No entanto, os homens são 8 em cada 10 eleitos prefeitos, ocupando 4.746 cadeiras: 85% das prefeituras do país.
Como vereadoras, as mulheres representam quase 20% do total dos eleitos (19,9%). Também cresceu um pouco em relação a 2020, quando o percentual foi de 16% do total (dados do TSE). A vereança é muito importante, pois apresenta e analisa projetos de lei; apoia, modifica ou recusa propostas do executivo municipal e aprova o orçamento da cidade e, assim, a destinação das verbas.
Para refletir sobre essa desigualdade é importante lembrar que a nossa história forjou uma sociedade onde a mulher teve suas potencialidades e possibilidades minimizadas e os valores masculinos predominaram em vários aspectos, principalmente na vida pública. O antropólogo Roberto Gambini nos lembra que o povo brasileiro nasceu de mães nativas e africanas, submetidas com violência ou escravizadas pelo colonizador europeu.
A história foi sendo constituída e narrada, principalmente, a partir do olhar masculino, embora haja alguns olhares femininos, como o da historiadora Mary Del Priore, que tem recuperado a importante saga de resistência e luta das mulheres no Brasil, desde a época colonial.
As mulheres também estiveram alijadas da escola, especialmente do ensino superior, por muito tempo. O direito ao voto só foi alcançado pelas mulheres em 1933. É preciso sempre lembrar que gerações de mulheres lutaram e ainda lutam por direitos fundamentais ao longo da nossa história política.
Mas vemos mulheres compactuando com homens na defesa de sua submissão a eles, usando preceitos religiosos quando não a força bruta. O machismo não é tão somente um fenômeno masculino, mas abraçado e alimentado também por mulheres. Será que, neste século 21, algumas das mulheres, alçadas a cargos públicos, também não compactuam e até defendem esses valores, como temos visto em outras esferas de governo? E muitas vezes isso começa em casa, onde os homens, maridos, companheiros ou filhos são poupados de tarefas domésticas, naturalizando um comportamento sexista. No trabalho não é extraordinário que as mulheres deixem que suas iniciativas e conquistas sejam atribuídas a homens e se posicionem apenas como colaboradoras e não como protagonistas.

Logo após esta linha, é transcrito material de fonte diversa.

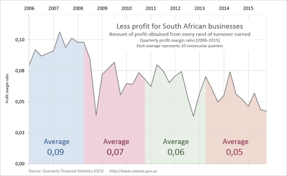 How well have South African businesses performed? This can be a complicated question that can be tackled with a range of indicators. From the wealth of financial data available from the recently published Quarterly Financial Statistics (QFS), Stats SA takes a look at one such indicator: the profit margin ratio.

Em 2023, o PNUD (Programa das Nações Unidas para o Desenvolvimento Sustentável) divulgou uma pesquisa feita em 80 países, incluindo o Brasil. ”Em relação à liderança e ao protagonismo político, 48% da população mundial respondeu que homens são melhores líderes políticos do que as mulheres”, segundo Viviane França, no texto “O machismo estrutural que afeta as mulheres” (em 18/06/2023, www.jonalofolha.com.br).
Nesse cenário, como poderá ser o desempenho desse conjunto de mulheres que conquistou cargos de vereança e de comando executivo das cidades? Quantos desafios terão de enfrentar ainda para demonstrarem, em seus atos, que se não são, necessariamente, melhores do que os homens, são certamente diferentes?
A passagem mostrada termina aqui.